Kasur Police denies that the force mismanaged the investigation of the murders, or that they behaved insensitively in dealing with the victims’ families. “We have women police officers,” public relations officer Sajed Hussain said when asked if there were trained officers to handle cases of child abuse and murder, “but there are internal challenges.”
Police maintain that the city was well-protected, including the deployment of 300 plainclothes officers on the streets between 13 and 15 January to maintain security.
These days, the streets of Kasur are unusually subdued. At 3 PM, when you would normally see children playing in public after school, it is so quiet that you can even hear the whir of the cotton mills nearby.
In the last three years, 720 incidents of child sexual abuse have been reported in Kasur alone. There is a palpable climate of fear in Kasur, with many questioning if their sons and daughters are safe out on the streets. In January, these fears bubbled to the surface in Kasur with the outbreak of protests and riots over Zainab’s murder, when hundreds of protesters closed roads and markets.

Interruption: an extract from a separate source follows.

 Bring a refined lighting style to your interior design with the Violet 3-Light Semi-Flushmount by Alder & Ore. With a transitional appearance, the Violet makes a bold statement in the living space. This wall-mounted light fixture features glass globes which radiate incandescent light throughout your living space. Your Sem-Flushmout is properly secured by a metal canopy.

Two people were killed when police opened fire on the demonstrators.
There are lingering fears that the authorities are ill-equipped to deal with such cases—especially when victims or families may not even feel comfortable reporting cases of child sexual abuse to the police themselves. Iftikhar Malik from Children Advocacy Network (CAN) pointed to the lack of resources available to those in Pakistan. “What makes the issue far more complicated [is that] police [are] the primary contact for victims,” he explains.

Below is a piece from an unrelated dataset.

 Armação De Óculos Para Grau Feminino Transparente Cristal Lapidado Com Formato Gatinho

There is minimal comprehensive government data on the overall level of child abuse in the country, and little government support available for survivors or resources for those who wish to raise awareness of the issue. In conservative Pakistan, the Child Protection Bureau is also unable to speak frankly about issues relating to sex. “There are no provincial programs, or training programs to educate teachers on more than ‘only good touch or bad touch’ which is far too simplistic,” explains Malik. (The ‘good touch bad touch’ resource was originally created by Islamabad-based NGO Rozan to help children differentiate between appropriate or harmful physical contact.)
At Kasur Police Station, District Superintendent Chaudry Saeed Ahmad defends the police handling of the child abuse cases. “In Pakistan’s history, this is the first time that it has been seen in society to this level,” he says of the abuse, adding that the public failed to actively assist the police in their investigation: “The complaints by the society that police were not sensitive enough are unfair because coordination from society was lacking.”
This will come as a scant comfort to those already grieving the loss of their loved ones and are coping with the psychological fallout caused by devastating sexual abuse. At Zainab’s house, I ask Laiba how she has felt since her sister’s death. “There are days [where] it's hard,” she says. “I am afraid to even to go to the bathroom alone.”